- The Washington Times - Friday, December 13, 2019

A Mississippi college student who was disciplined for bringing a “free speech” beach ball to campus has lined up a powerful ally: the Trump administration.

The Justice Department has weighed in on behalf of a lawsuit filed by J. Michael Brown alleging that Jones County Junior College violated his First Amendment rights by enforcing its policy requiring pre-approval of any student “meeting or gathering.”

After filing a 14-page “Statement of Interest,” Education Secretary Betsy DeVos said the administration “won’t let students be silenced,” while Assistant Attorney General Eric Dreiband declared that the “United States is not a police state.”

“Repressive speech codes are the indecent hallmark of despotic, totalitarian regimes,” Mr. Dreiband said in a statement. “They have absolutely no place in our country, and the First Amendment outlaws all tyrannical policies, practices, and acts that abridge the freedom of speech.”

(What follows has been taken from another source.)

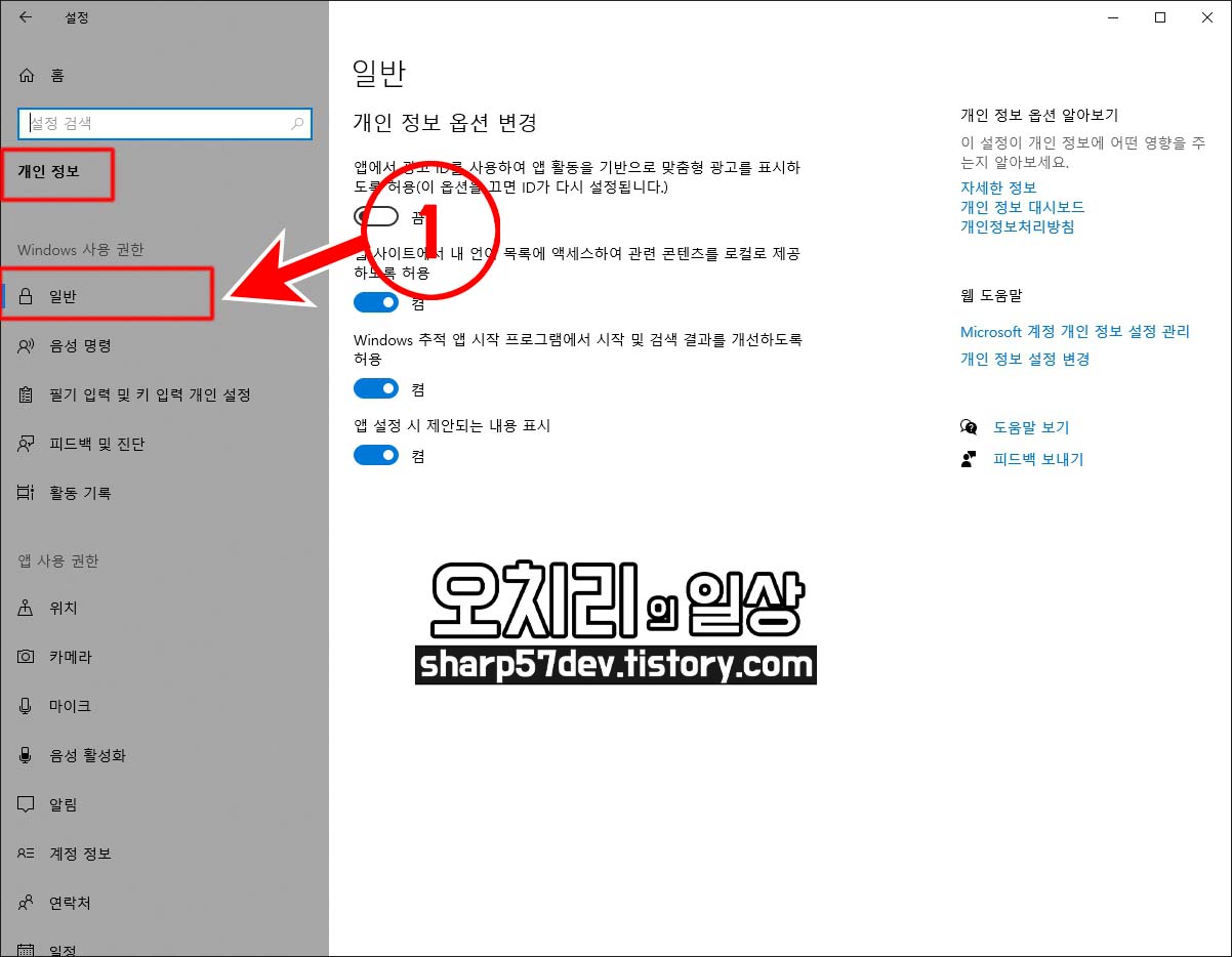 개인 정보의 ①[일반] 옵션에 들어왔습니다.

Mr. Brown, who no longer attends the junior college in Ellisville, said he was hauled to the campus police office twice for seeking to recruit students earlier this year for the school’s Young Americans for Liberty (YAL) chapter, which he founded.

In February, he was reprimanded for inviting students on the campus quadrangle to write messages on a “free speech ball.” Two months later, he and his girlfriend were taken to the police chief’s office for displaying a sign inviting students to share their views on marijuana legalization and passing out pocket-sized Constitutions, according to the complaint.

In its handbook, the two-year college requires that student meetings and gatherings conducted on campus “must be scheduled with the President or Vice President of Student Affairs at least 72 hours in advance of the event.”

“Such extreme preconditions to speech might not be out of place in Oceania, the fictional dystopian superstate in George Orwell’s Nineteen Eighty-Four,” said the federal Statement of Interest. “The First Amendment to the United States Constitution, however, ensures that preconditions like these have no place in the United States of America.”

Jones County Junior College, which has filed a motion to dismiss certain claims, argued that the federal government made its statement without hearing the college’s side of the story.

“Because discovery has not yet been conducted, the only alleged facts in the record come from the unproven statements contained in the plaintiffs’ complaint,” the college said in a press release. “The Statement of Interest broadly accepts those allegations and the merits of the plaintiffs’ claims.”

The college also said that its goal “has always been to ensure that all students have equal and safe access to an environment free from hate speech; racial, gender, national origin, religious affiliation; and disability discrimination.”

In the lawsuit filed in September, Mr. Brown said he stopped trying to recruit students for the YAL for fear of disciplinary action, while the community college argued that “no harm was done to the plaintiff by the College.”

In March, President Trump, spurred by conservatives who say their views have been muzzled, signed an executive order requiring universities and colleges to protect free speech on campuses or risk federal research funding.